Copy and paste rows based on values from multiple columns

I'm preparing a dataset for use with the lme4-package, and I seem to have sinned on one (probably all) of the principles of tidy data.

The dataset looks something like this (actual set has ~ 250 observations):

tribble(
~ID, ~test1, ~randomvar,  ~test2,
  1, "result1", 2,  NA,
  2, "result1", 1,  "result2",
  3, "result1", 4,  NA
)

What I need to do is copy every observation where the value of test1 AND test2 is not NA while retaining all other values in the row and inserting them into the same data frame. Basically, copy and paste all rows where the values of two variables are equal to !is.na. I've had a look in R4DS but I can't seem to find a suitable solution for this particular type of mess, although it might just be that I haven't figured out exactly how spread() and gather() works...

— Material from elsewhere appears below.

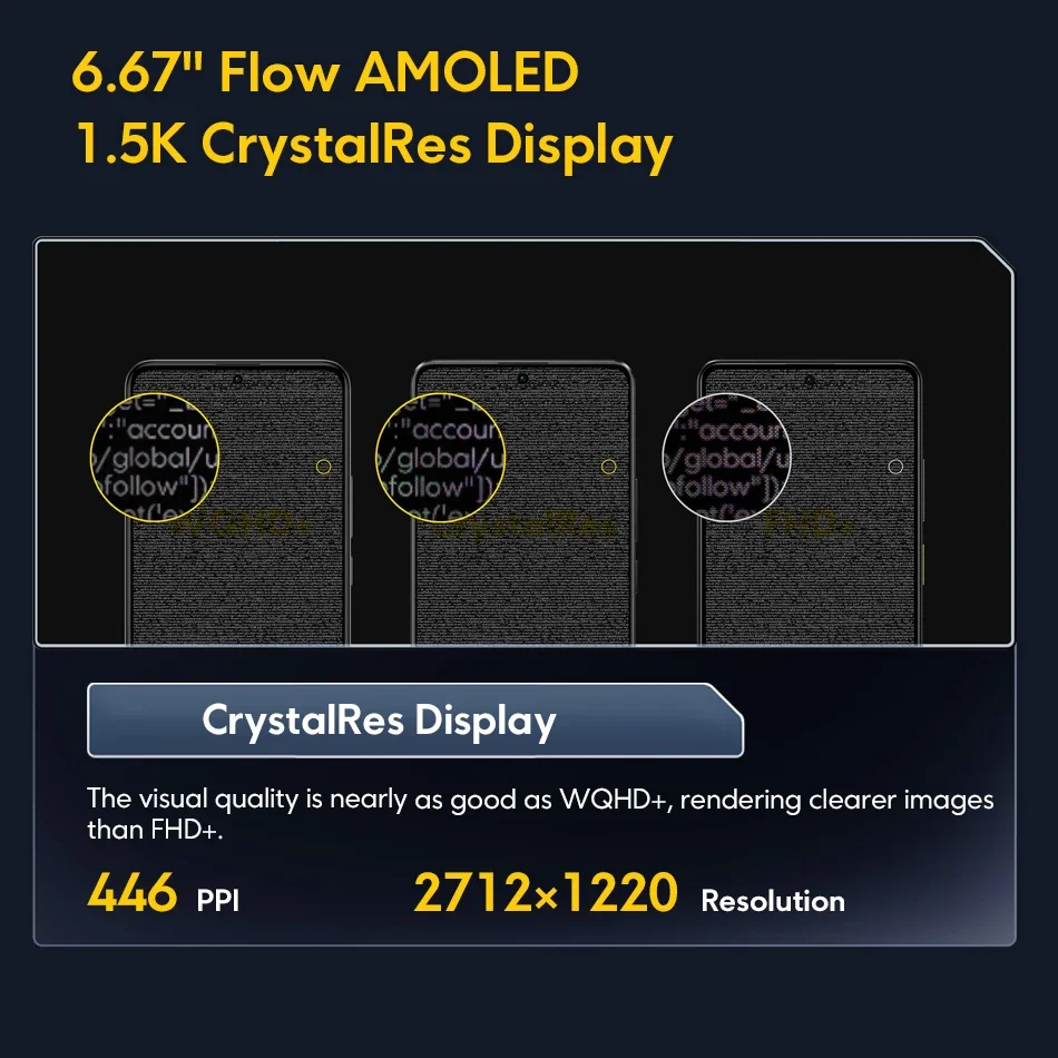 Pantalla----------- 6.67" 2712x 1220, pantalla de punto AMOLED de flujo CrystalRes de 1,5 K, tasa de actualización de 120 Hz

Not gonna lie, I'm a bit confused by your explanation of what you want to achieve. It would help if next time (or even this time, if I didn't get what you wanted) you write down the expected result similar to how you've written down the input.
That being said, does this do what you want?

library(tidyverse)

df <- tribble(
  ~ID, ~test1, ~randomvar,  ~test2,
  1, "result1", 2,  NA,
  2, "result1", 1,  "result2",
  3, "result1", 4,  NA
)

df %>%
  filter_at(vars(starts_with("test")), all_vars(!is.na(.)))
#> # A tibble: 1 x 4
#>      ID test1   randomvar test2  
#>   <dbl> <chr>       <dbl> <chr>  
#> 1     2 result1         1 result2

Created on 2018-07-30 by the reprex package (v0.2.0).

1 Like

Sorry, don't know why I didn't just make a tribble of what I want as well...

I want to turn this:

tribble(
~ID, ~test1, ~randomvar,  ~test2,
  1, "result1", 2,  NA,
  2, "result1", 1,  "result2",
  3, "result1", 4,  NA,
  4, "result1", 8,  "result2"
)

into this:

tribble(
~ID, ~test1, ~randomvar,  ~test2,
  1, "result1", 2,  NA,
  2, "result1", 1,  "result2",
  2, "result1", 1,  "result2",
  3, "result1", 4,  NA,
  4, "result1", 8,  "result2",
  4, "result1", 8,  "result2"
)

result1 and result2 were just ment as placeholders. The values will vary so I guess I will have to select based on the presence(not NA) in both of them.

Did this make any more sense? :slight_smile:

My first approach is exactly what you need then :slight_smile:. The only added wrinkle is that you need to add result to your original dataset. This can be done like this:

library(tidyverse)

df <- tribble(
  ~ID, ~test1, ~randomvar,  ~test2,
  1, "result1", 2,  NA,
  2, "result1", 1,  "result2",
  3, "result1", 4,  NA,
  4, "result1", 8,  "result2"
)

res <- tribble(
  ~ID, ~test1, ~randomvar,  ~test2,
  1, "result1", 2,  NA,
  2, "result1", 1,  "result2",
  2, "result1", 1,  "result2",
  3, "result1", 4,  NA,
  4, "result1", 8,  "result2",
  4, "result1", 8,  "result2"
)

res2 <- bind_rows(df, 
          df %>%
            filter_at(vars(starts_with("test")), all_vars(!is.na(.))))

all_equal(res, res2)
#> [1] TRUE

Created on 2018-07-30 by the reprex package (v0.2.0).

1 Like

Excellent, thank you! I should have mentioned that the actual variable names are not test1 and test2. However I (think I) managed to solve it with:

test <- bind_rows(df,
                 df %>% 
                   filter_at(vars(one_of("img_date", "b_date")), all_vars(!is.na(.))))

Would you agree this does the same given the names img_date and b_date? I tried checking with all_equal() and it says they're equal, guess I'm just worried I'll mess something up...

You can also use ends_with("date") if it makes sense on your data, but overall it looks like it should give you the result you want.
If all_equal returns TRUE then they are equal. You can always add couple more tests to check validity, of course, but this function tends to be fairly reliable.